By contrast, other states, such as Missouri, allowed providers to choose an EVV provider that would work best for them, as long as the provider complied with Medicaid standards. More than 600 providers have implemented EVV in that state. We believe the litigation risks, reliability and uptime of a company, vendor business continuity, and stakeholder satisfaction outweigh any benefits gained from having a single vendor system that does not allow for competition in the marketplace. . A multi-vendor solution is simpler, easier, and more cost-effective for all parties involved.

Finally, there are three possible ways a state can implement a multi-vendor approach.

  1. Choice of provider. Providers choose their EVV of choice and ensure that all standards are met. In addition, the state may require an export of data in a common format.
  2. State Overseer. State EVV Supervisor in an open election model. An organization (state or private sector) with no conflicts of interest will verify and monitor the data and data quality coming from the various EVV providers in a single database or data warehouse, and provide information on the data to the state .
  3. List of approved providers. The state creates a list of approved providers. The list should not be static, but instead allows different vendors to be rewarded or punished for good or poor performance and design.

Suppliers have a say! increase

In the Ley de Curas legislation, the electronic visit verification mandate requires states to consult providers we have a solution and that the the solution is “minimally onerous”. Let’s say you’ve already spent time, money, and energy building a software solution for your business, including EVV. It works for you, and now you don’t even have to think about it.

What if I suddenly had to change EVV providers? Now you need to get all the data from your current EVV system and migrate it to the new EVV! What if the new mandatory EVV is unreliable and frequently breaks (a common complaint from many providers in the one-provider mandatory state)? Not to mention, this will cause many wasted hours of training time for your staff to learn a new system.

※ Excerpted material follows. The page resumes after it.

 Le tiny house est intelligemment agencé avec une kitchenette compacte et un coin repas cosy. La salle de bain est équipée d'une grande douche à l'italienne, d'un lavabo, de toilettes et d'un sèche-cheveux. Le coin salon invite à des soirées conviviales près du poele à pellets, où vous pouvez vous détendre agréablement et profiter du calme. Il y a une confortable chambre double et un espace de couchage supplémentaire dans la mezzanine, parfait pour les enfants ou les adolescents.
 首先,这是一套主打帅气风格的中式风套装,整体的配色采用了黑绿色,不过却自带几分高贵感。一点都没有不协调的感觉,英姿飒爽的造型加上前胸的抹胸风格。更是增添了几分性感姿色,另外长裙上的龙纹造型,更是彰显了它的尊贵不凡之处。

You are called to have a voice on this issue in your state. Contact your associations and legislators to let them know that a choice-of-vendor solution is best for everyone involved.

Don’t fight EVV, embrace it

Some providers have balked at the idea of ​​EVV, and like it or not, it’s coming. However, it is not a bad thing and can actually make your business more profitable and efficient.

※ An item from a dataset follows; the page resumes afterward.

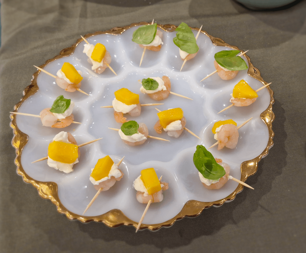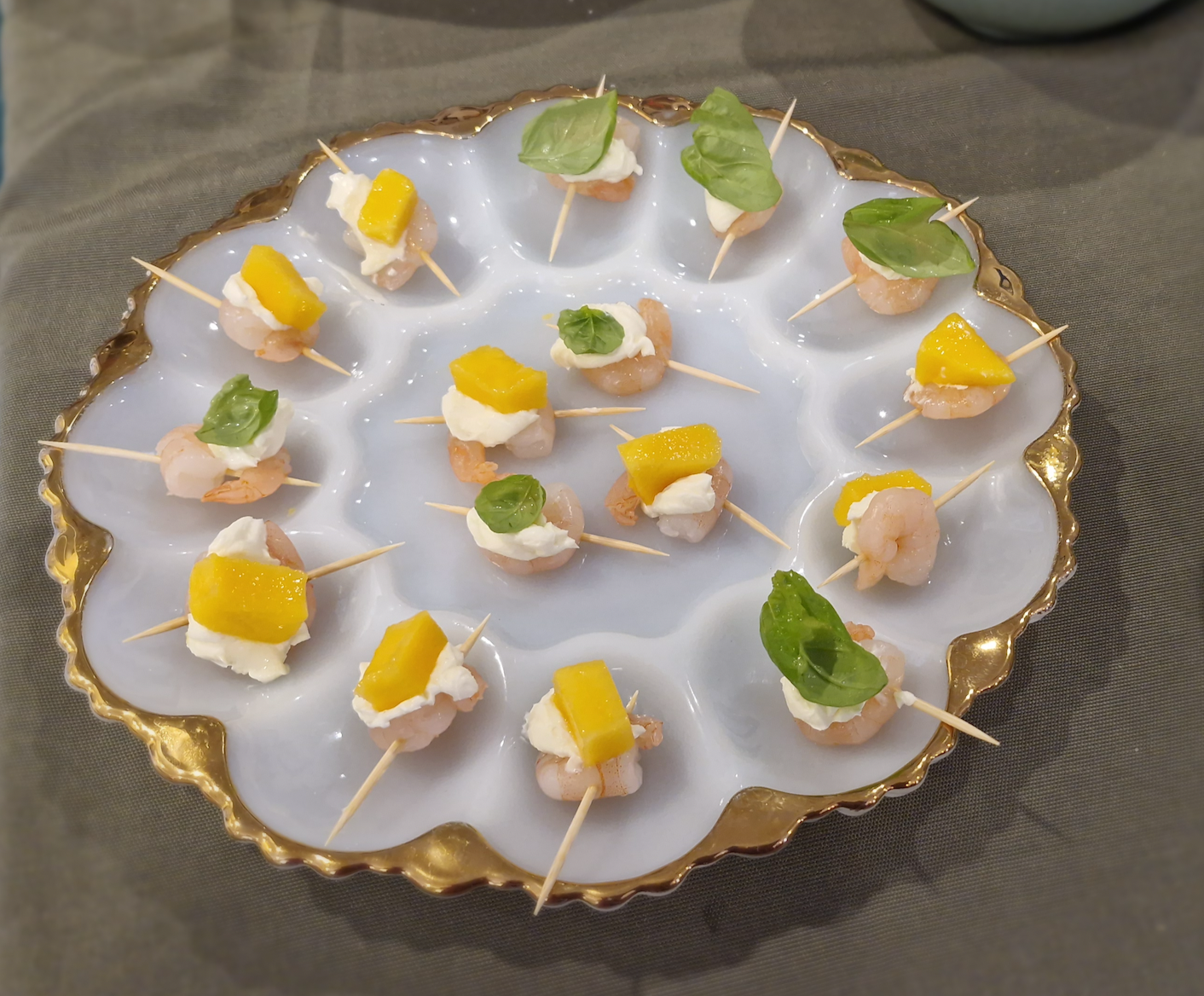 I’m personally going through a prawn-canapé phase, and of course they’re seafood so that was sufficient excuse for me to make some. Also, my mum has a devilled-egg plate and I wanted to see how canapés go in it (great, except they tend to want to slide around—they’d work better on cucumber slices or basil leaves).

EVV allows you to automatically eliminate paper timesheets, record visits, and create billing/payroll data with the push of a button. Plus, if an audit comes your way, you won’t have to worry about digging up piles of paper, you can simply download your data in minutes.

Most providers that use EVV find ways to save hours of administrative time, reduce overpayments, and find ways to increase revenue. So embrace technology, it’s good for you.

What types of EVV technologies are there?

Originally, EVV started as a landline technology that recorded the time of entry and exit of the customer’s home. That method is still widely used today. However, with the advent of smartphones, more and more visits are verified through smartphones using GPS location. This is by far the fastest growing method. Also, computers and tablets can be used for verified visits.

Additional technologies include triangulation of non-smartphone cellular services, fixed device registrations, and now voice bot registrations. The no-smartphone method occurs when a caregiver calls on a non-smartphone phone and then cell phone carriers use the towers to locate where the caregiver is. With a fixed device, some areas don’t have cell service or landlines, so caregivers will scan a barcode, record a number, or scan an RFID card to clock in and out.

  • Telephony
  • GPS-smartphone
  • mobile phone triangulation
  • Computer or tablet
  • fixed base
  • voice bot

While you may not need all of these technologies, some states require multiple technologies in an EVV solution. Make sure there is, at a minimum, phone and mobile visit verification in your EVV solution.